The determination of the temperature transitions in polymers and more particularly when polymers are adsorbed on oxides is very important in many industrial processes. In this second part, we used inverse gas chromatography (IGC) at infinite dilution to determine the second order transition temperatures of poly(methyl methacrylate) (PMMA) adsorbed (or not) on alumina or on silica. Three types of PMMA were used: atactic (a), syndiotactic (syndio) and isotactic (iso). The IGC technique allowed to obtain the net retention volume Vn and the dispersive component of the surface energy gamma(s)d for various theoretical models of molecules, using the results of Part I. By plotting RT ln Vn as a function of (1/T) or gamma(s)d as a function of the temperature T, we proved the presence of three particular temperatures that correspond respectively to the transition temperature relative to beta-relaxation (Tbeta), the glass transition temperature (Tg), and the liquid-liquid transition temperature or order-disorder transition (T1.1). Results obtained in this part allowed us to show the effect of the tacticity of PMMA and the recovery fraction of polymer adsorbed on alumina or silica on the transition temperatures.

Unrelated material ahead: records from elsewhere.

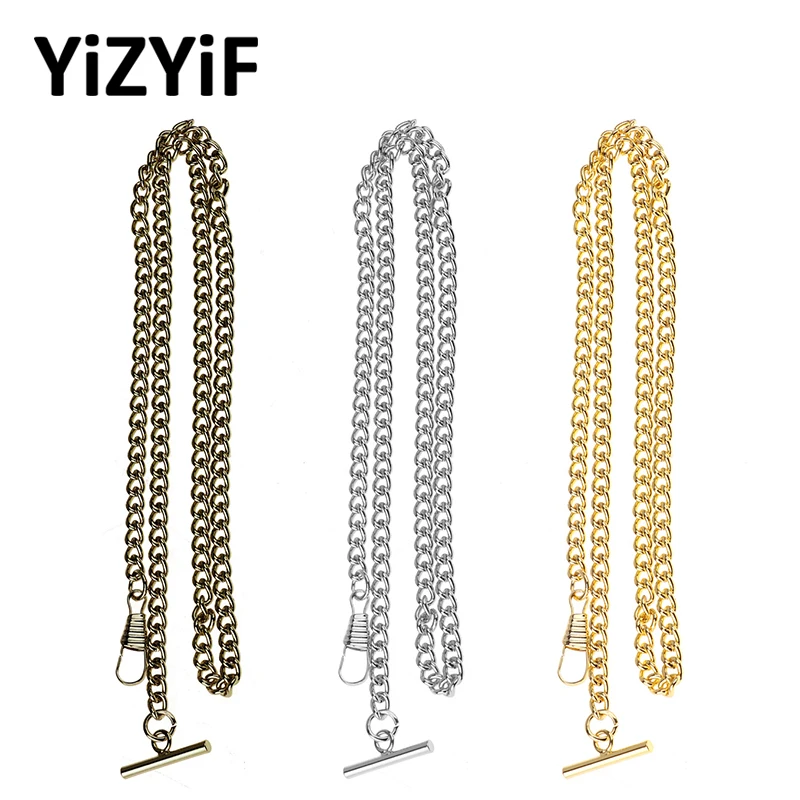 Винтажный Стиль хромированный жилет карманные часы звено цепи с Т-бар и омаров пряжки часов аксессуары для костюма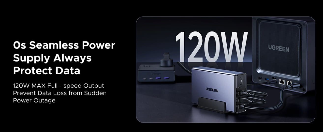 El Ugreen US3000 ofrece una potencia máxima de salida de 120W, lo que lo hace adecuado para la mayoría de los NAS de bajo consumo. No obstante, el fabricante aclara que no es compatible con las series DXP6800 y DXP8800, modelos de mayor capacidad y demanda energética.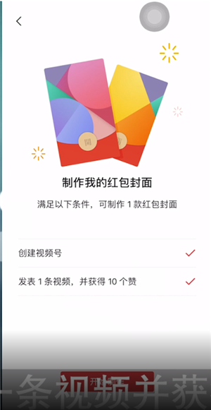 这时页面会提示创建号,再发表一条并获得十个赞即可制作一款红包封面,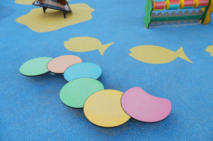 まだヨチヨチ歩きの小さなお子さんには、乳児用遊具がおすすめです。こちらは、水辺をイメージしたデザインで、中を歩くと柔らかくフワフワした感触。小さなお子さんも安心の造りとなっています。
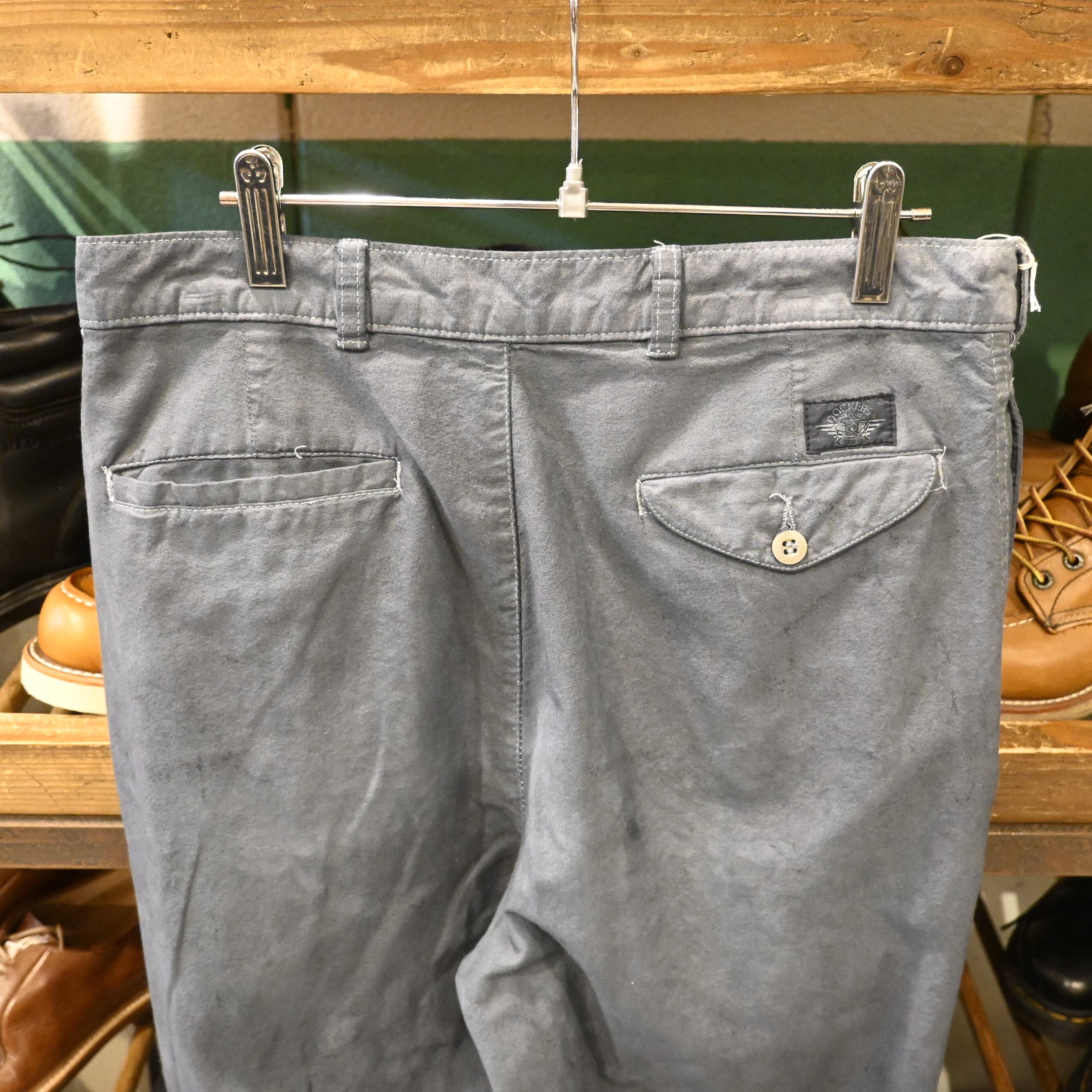 後染めの程よいフェードが上品なグレーのカラーリングで、シーンを選ばず着用可能。程よいゆとりを持たせたワイドシルエットで、ジャケットと合わせればビジネスカジュアルに、スウェットやスニーカーと合わせればカジュアルな着こなしも楽しめます。

New approach to characterise physicochemical properties of solid substrates by inverse gas chromatography at infinite dilution. III. Determination of the acid-base properties of some solid substrates (polymers, oxides and carbon fibres): a new model.

In this paper, the inverse gas chromatography (IGC) technique was used to calculate the acid-base superficial characteristics of some solid substrates such as oxides, polymer and polymer adsorbed on oxide. The acid-base constants were calculated for many solids: Monogal, MgO, ZnO, SiO2 and Al2O3, four different carbon fibres and polymers such as poly(methyl methacrylate) (PMMA) at various tacticities adsorbed on alumina or silica. The determination, by IGC, of the specific free enthalpy deltaG(a)sp of adsorption corresponding to the specific interactions of polar molecules with the solid, as a function of the temperature, allowed to obtain the specific enthalpy deltaH(a)sp and specific entropy deltaS(a)sp. Knowing deltaH(a)sp of the various polar molecules, we were able to determine the acidic constant K(A) and basic constant K(D), the two constants characterizing solid substrates like PMMA, PMMA-SiO2 or PMMA-Al2O3, using the following classical expression: - deltaH(a)sp = K(A)DN + K(D)AN where DN and AN are respectively the electron donor and acceptor numbers of the solid substrates. This study showed an important effect of the tacticity on the acid-base properties. On the other hand, we proved that the previous relation was not correct in many cases and especially for some oxides (as MgO, ZnO and Monogal) and carbon fibres. We proposed a new relationship by adding a third parameter K reflecting the amphoteric character of the solid according to: - deltaH(a)sp = K(A)DN + K(D)AN - KDN x AN.